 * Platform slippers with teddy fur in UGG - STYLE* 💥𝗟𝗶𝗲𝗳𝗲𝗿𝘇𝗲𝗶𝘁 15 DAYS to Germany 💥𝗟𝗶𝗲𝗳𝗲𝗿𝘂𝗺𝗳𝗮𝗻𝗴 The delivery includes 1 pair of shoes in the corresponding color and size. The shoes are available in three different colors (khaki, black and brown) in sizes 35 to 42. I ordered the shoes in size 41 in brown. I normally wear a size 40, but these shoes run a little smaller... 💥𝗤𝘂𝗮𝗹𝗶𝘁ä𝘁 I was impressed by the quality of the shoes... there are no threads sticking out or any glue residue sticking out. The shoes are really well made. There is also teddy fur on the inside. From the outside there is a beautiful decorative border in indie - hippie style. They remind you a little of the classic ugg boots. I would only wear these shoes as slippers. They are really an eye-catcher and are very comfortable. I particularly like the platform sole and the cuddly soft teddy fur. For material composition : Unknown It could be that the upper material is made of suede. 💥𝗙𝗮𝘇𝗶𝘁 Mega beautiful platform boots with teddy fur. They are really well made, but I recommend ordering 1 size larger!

○ ○ ○

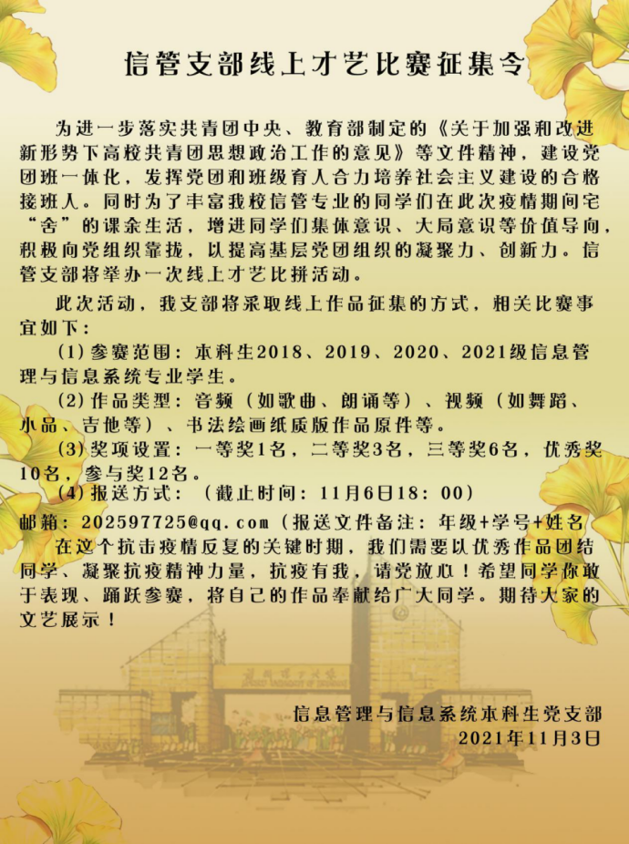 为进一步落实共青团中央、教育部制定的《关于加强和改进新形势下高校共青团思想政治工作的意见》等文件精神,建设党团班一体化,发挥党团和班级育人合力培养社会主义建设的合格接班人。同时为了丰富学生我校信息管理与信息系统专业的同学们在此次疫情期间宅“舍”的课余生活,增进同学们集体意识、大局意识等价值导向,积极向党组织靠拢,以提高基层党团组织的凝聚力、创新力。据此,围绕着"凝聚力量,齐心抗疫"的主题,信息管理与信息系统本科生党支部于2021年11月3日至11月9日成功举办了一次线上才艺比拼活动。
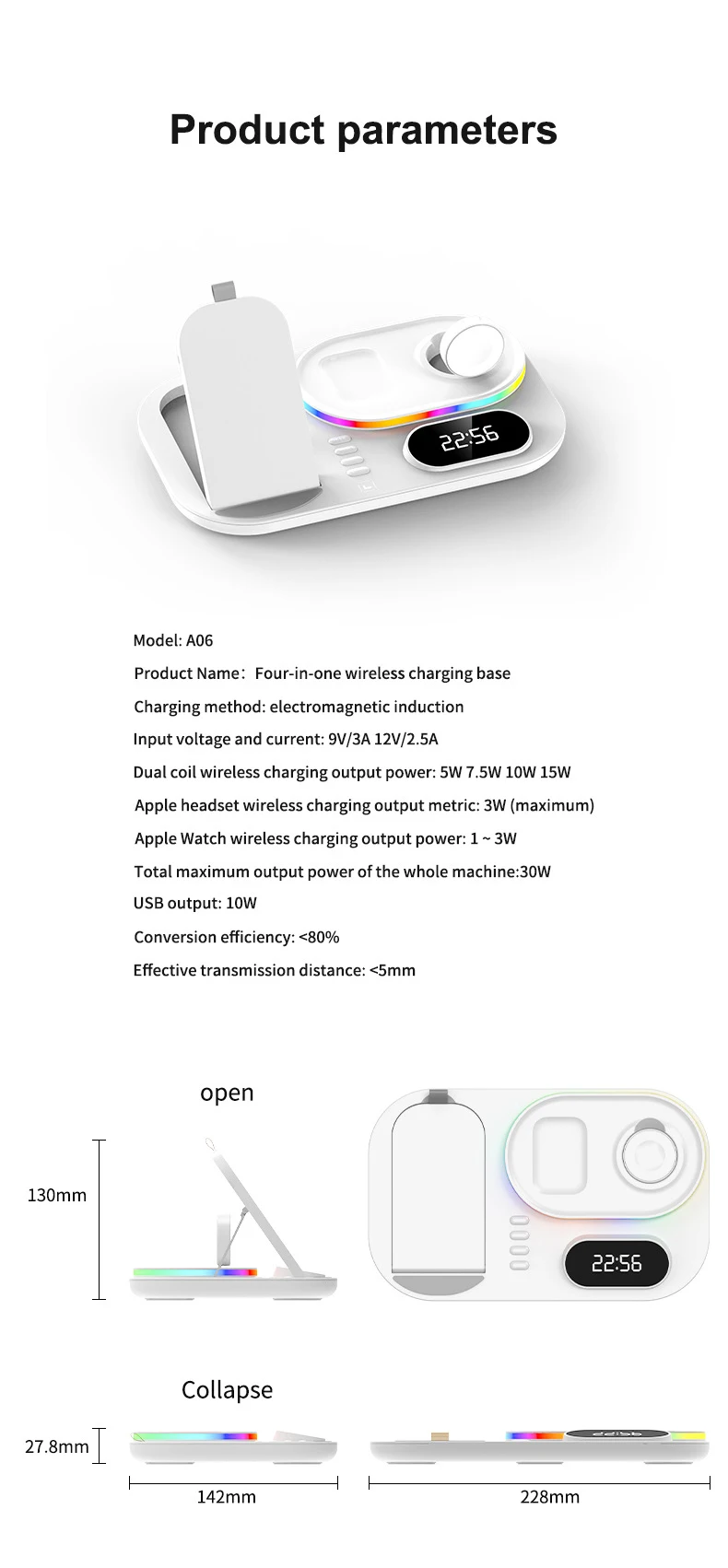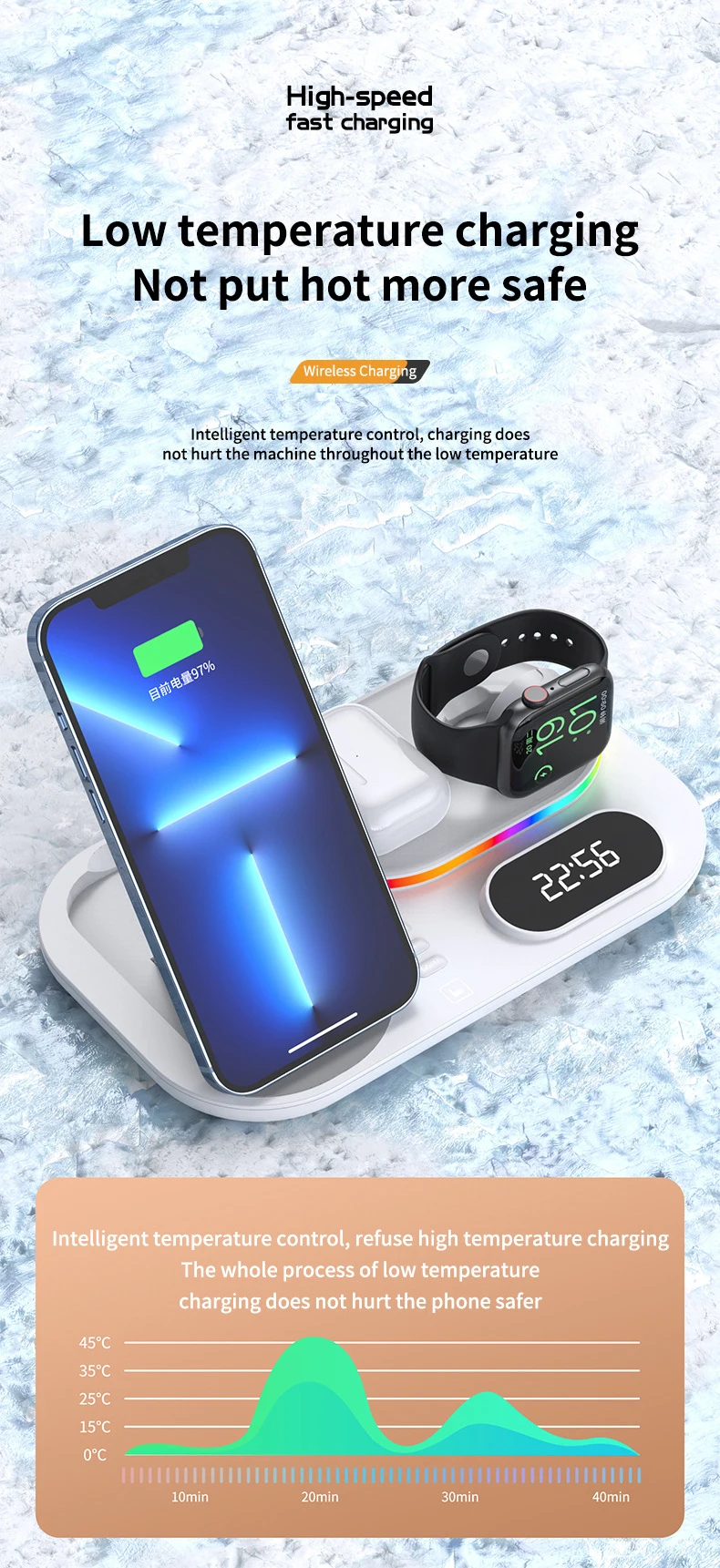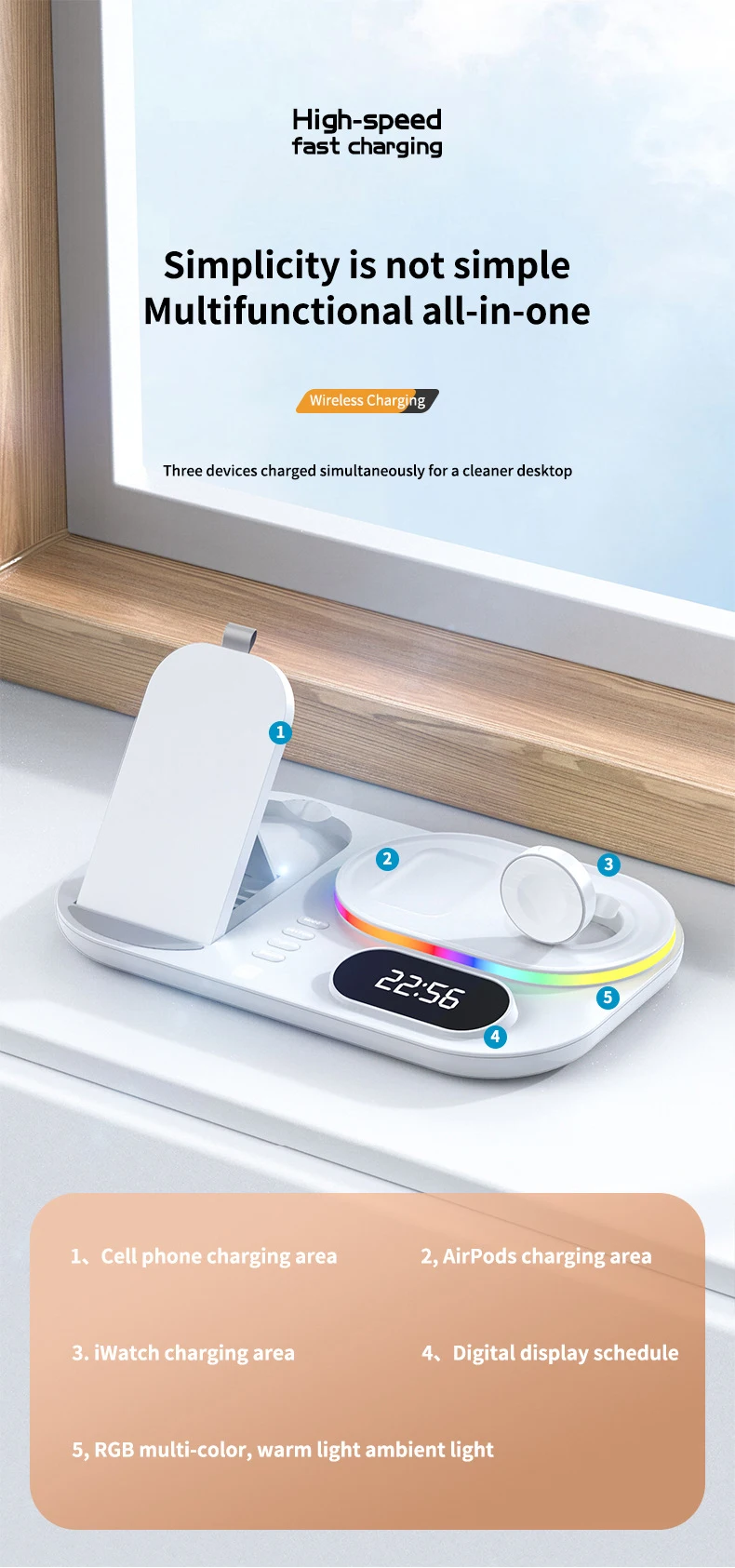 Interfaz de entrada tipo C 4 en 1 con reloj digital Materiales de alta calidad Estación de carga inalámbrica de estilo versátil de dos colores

○ ○ ○

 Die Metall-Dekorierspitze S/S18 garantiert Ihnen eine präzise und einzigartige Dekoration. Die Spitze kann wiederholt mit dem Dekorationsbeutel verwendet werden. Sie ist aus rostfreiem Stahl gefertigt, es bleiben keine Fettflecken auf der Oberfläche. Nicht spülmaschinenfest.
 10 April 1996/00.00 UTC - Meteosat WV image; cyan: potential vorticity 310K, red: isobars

○ ○ ○

### WHAT YOU SHOULD DO
From the listing above, return the lines starting at the one with "Die Metall-Dekorierspitze S/S18" and ending at the one with "10 April 1996/00.00", both kept, exactly as they appear and nothing more.

### WRITTEN SOLUTION
 Die Metall-Dekorierspitze S/S18 garantiert Ihnen eine präzise und einzigartige Dekoration. Die Spitze kann wiederholt mit dem Dekorationsbeutel verwendet werden. Sie ist aus rostfreiem Stahl gefertigt, es bleiben keine Fettflecken auf der Oberfläche. Nicht spülmaschinenfest.
 10 April 1996/00.00 UTC - Meteosat WV image; cyan: potential vorticity 310K, red: isobars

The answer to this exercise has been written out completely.